If the client has both an IPv4 and an IPv6 address, and is therefore looking for both v4 and v6 peers, then it must make two announce requests, over v4 and v6, using the same key. This allows the tracker to avoid “double-counting” the number of peers interested in a torrent.

Finally, the tracker responds with peer data:

Here, the action and transaction ID match the previous datagram, and the interval indicates how long the client should cache results for before polling the tracker again. The leechers and seeders counts are the tracker’s guess as to how many peers are mostly-downloading or mostly-uploading based on the downloaded, left, and uploaded fields from each announce request. These counts are not authoritative, or confirmed by the tracker in any way.

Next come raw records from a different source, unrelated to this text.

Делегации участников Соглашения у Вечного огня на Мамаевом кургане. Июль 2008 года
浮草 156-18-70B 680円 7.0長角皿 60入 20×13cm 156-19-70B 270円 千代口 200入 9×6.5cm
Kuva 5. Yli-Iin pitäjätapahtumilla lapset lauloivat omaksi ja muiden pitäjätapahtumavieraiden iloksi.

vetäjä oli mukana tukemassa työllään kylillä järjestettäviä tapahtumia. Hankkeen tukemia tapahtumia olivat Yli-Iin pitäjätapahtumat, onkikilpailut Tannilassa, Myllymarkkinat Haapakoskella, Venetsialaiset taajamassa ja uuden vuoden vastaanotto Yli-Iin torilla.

And at last, the tracker responds with a series of IP addresses and port numbers: 4 bytes per address (assuming IPv4, 16 bytes for IPv6), and two bytes per port number.

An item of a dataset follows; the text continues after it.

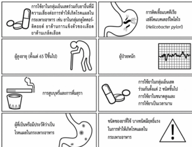
รูปที่ 2 ปัจจัยส่งเสริมการเกิดโรคแผลในกระเพาะอาหารที่เนื่องมาจากยาในกลุ่มเอ็นเสด (ดัดแปลงจาก Varrassi G, Pergolizzi JV, Dowling P, Paladini A. Adv Ther 2020; 37:61-82)

ยาแก้ปวดในกลุ่มเอ็นเสดทำให้เกิดโรคแผลในกระเพาะอาหารหรือ “โรคกระเพาะ” ได้ด้วยกลไกหลายอย่าง เช่น ทำให้เกิดการระคายเคืองเยื่อเมือก (epithelium) ในกระเพาะอาหารโดยตรง ทำอันตรายต่อชั้นเยื่อเมือก (mucosa) ผ่านการชักนำให้เกิดการสร้างอนุมูลอิสระ ทำให้หลอดเลือดขนาดเล็กที่ชั้นเยื่อเมือกเสียหาย เกิดการรั่วของเม็ดเลือดขาวและสารอื่น ส่งผลให้เกิดการขัดขวางการไหลเวียนเลือดบริเวณนั้นและเกิดแผลรูปร่างได้ แต่กลไกที่สำคัญเชื่อว่าเกี่ยวข้องกับฤทธิ์ยับยั้งเอนไซม์ชนิด ค็อกซ์-1 จึงยับยั้งการสร้างสารพรอสตาแกลนดินที่กระเพาะอาหาร ซึ่งที่กระเพาะอาหารนี้สารพรอสตาแกลนดินมีฤทธิ์ยับยั้งการหลั่งกรด ยับยั้งการหลั่งแกสตริน (gastrin) ซึ่งเป็นฮอร์โมน ที่มีฤทธิ์กระตุ้นการหลั่งกรด และยังกระตุ้นการหลั่ง ไบคาร์บอเนตและเมือก (สิ่งเหล่านี้ช่วยเคลือบกระเพาะอาหาร) ดังนั้นสารพรอสตาแกลนดินจึงมีบทบาทในการช่วยปกป้องผนังกระเพาะอาหาร นอกจากนี้ยังช่วยให้ผลิตเลือดเกาะกลุ่ม ทำให้เลือดที่ไหลออกมากลายเป็นลิ่มเลือดและหยุดไหล ด้วยเหตุนี้การใช้ยาในกลุ่มเอ็นเสดซึ่งยับยั้งการสร้างพรอสตาแกลนดินจึงขาดสิ่งที่ช่วยลดการหลั่งกรดและสิ่งที่ช่วยปกป้องผนังกระเพาะอาหารดังกล่าว จึงเป็นเหตุชักนำให้เกิดโรคแผลในกระเพาะอาหารได้

That’s all there is to the UDP protocol! Keep in mind that all values should follow network byte-order (big endian). While the diagrams make this protocol look complicated, there’s far less parsing or error handling needed than for the HTTP version, no external libraries required, and the entire exchange occurs in just 4 packets. No wonder the majority of torrents only use UDP trackers!

Creating the dashboard

With the tracker protocol implemented, we can take a list of torrents, extract their list of trackers, and look up peers from each tracker. We can also look up peers in the DHT using third party code. From here, it’s a simple process to make a SQL database to track all that information with timestamps, select results from those tables based on their age, and at last throw up an interface to peruse it:

Screenshot of the DDoSecrets torrent health dashboard

In the hopes that this code might benefit others, it’s been released on GitHub.